With democracy on the ballot in 2024, it’s hard not to view even judicial news through a political lens. But beware of pundits and scholars who insist that the judiciary must take politics into account when making decisions. The Supreme Court risks sliding down just such a slippery slope when it reviews Donald Trump’s Colorado ballot disqualification in what is sure to be a momentous case next month.
That case, and the similar Dec. 30 ruling by Maine Secretary of State Shenna Bellows, exemplify precisely why we have a Supreme Court: to deliver the last word on how to interpret the Constitution and apply it. The rule of law is threatened if the court treats constitutional provisions as more a matter of the nation’s politics than of law.
That case, and the similar Dec. 30 ruling by Maine Secretary of State Shenna Bellows, exemplify precisely why we have a Supreme Court.

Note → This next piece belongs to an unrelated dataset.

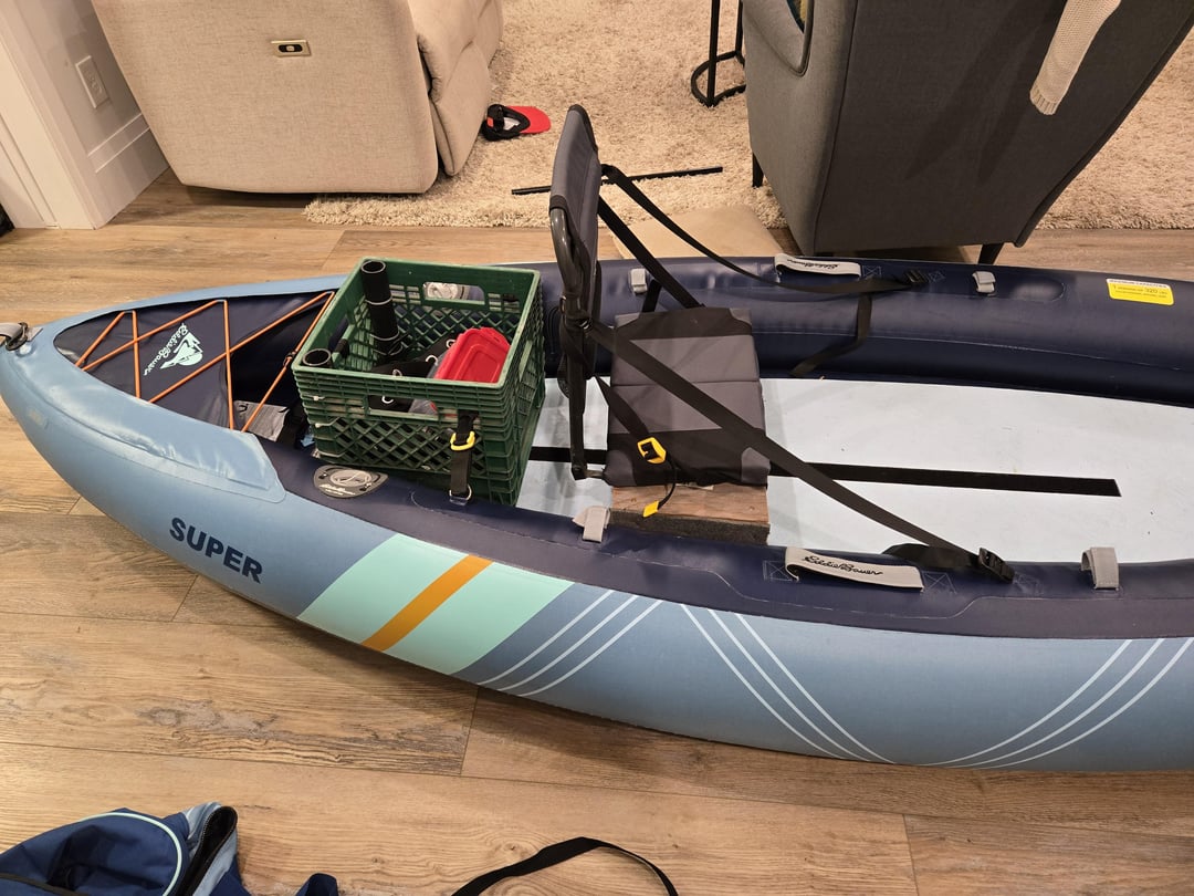 Hey all first time caller long time listener. Avid fisherman but lack the capacity to own a hard kayak or other fishing vessel and got this inflatable last year at Costco and had the idea to add some modifications to make it a better fishing kayak. Armed with a sewing machine, 3d printer and fusion 360 I aim to make something quick and simple to assemble and deploy yet fully removable so the family can also use it as a recreational kayak.

In a New York Times op-ed last month, Yale law professor Samuel Moyn argued, in part, that Supreme Court justices should carefully consider the political risks of ruling against Trump. “It is not obvious how many would accept a Supreme Court decision that erased Mr. Trump’s name from every ballot in the land,” Moyn writes. “And rejecting Mr. Trump’s candidacy could well invite a repeat of the kind of violence that led to the prohibition on insurrectionists in public life in the first place.”
And it’s true that judges neither can nor should erase the political state of the union from their minds. The danger resides in replacing precedent and sound legal analysis with political concern as the dispositive factor in deciding.
Little could be more inimical to the supremacy of the Constitution and the rule of law. As political philosopher John Locke wrote in 1689, “Where law ends, tyranny begins.”
Section 3 of the 14th Amendment states:
No person shall… hold any office… under the United States… who, having previously taken an oath, as… an officer of the United States.. to support the Constitution… shall have engaged in insurrection or rebellion against the same…
After experiencing a civil war and rebellion against the Constitution, the country ratified the amendment in 1868, saying that no one who has broken their oath to support the Constitution, however popular they may be, should ever hold office.
Trump argued in his Jan. 3 petition to the Supreme Court that upholding the Colorado disqualification is “undemocratic.” Indeed, that is the claim made in his filing’s opening sentence. This from the guy whom the Colorado courts determined attempted to overturn the voters’ will.
In fact, the disqualification provision protects democracy by keeping out people who would overturn the constitutional order.
And it’s certainly no less democratic than the requirement of being a natural born citizen in order to become president. That qualification eliminates the voters’ right to elect Arnold Schwarzenegger, the popular former governor of California, as president.
It would be even more toxic for the Supreme Court to distort the words and history of the 14th Amendment to avoid disqualifying Trump because doing so might be “a recipe for violence,” an argument made by Moyn and echoed by others, including far-right pundit Ben Shapiro. Caving to that kind of intimidation would give Trump’s base what the Supreme Court has condemned as a “heckler’s veto,” where the heckler may be armed to the teeth.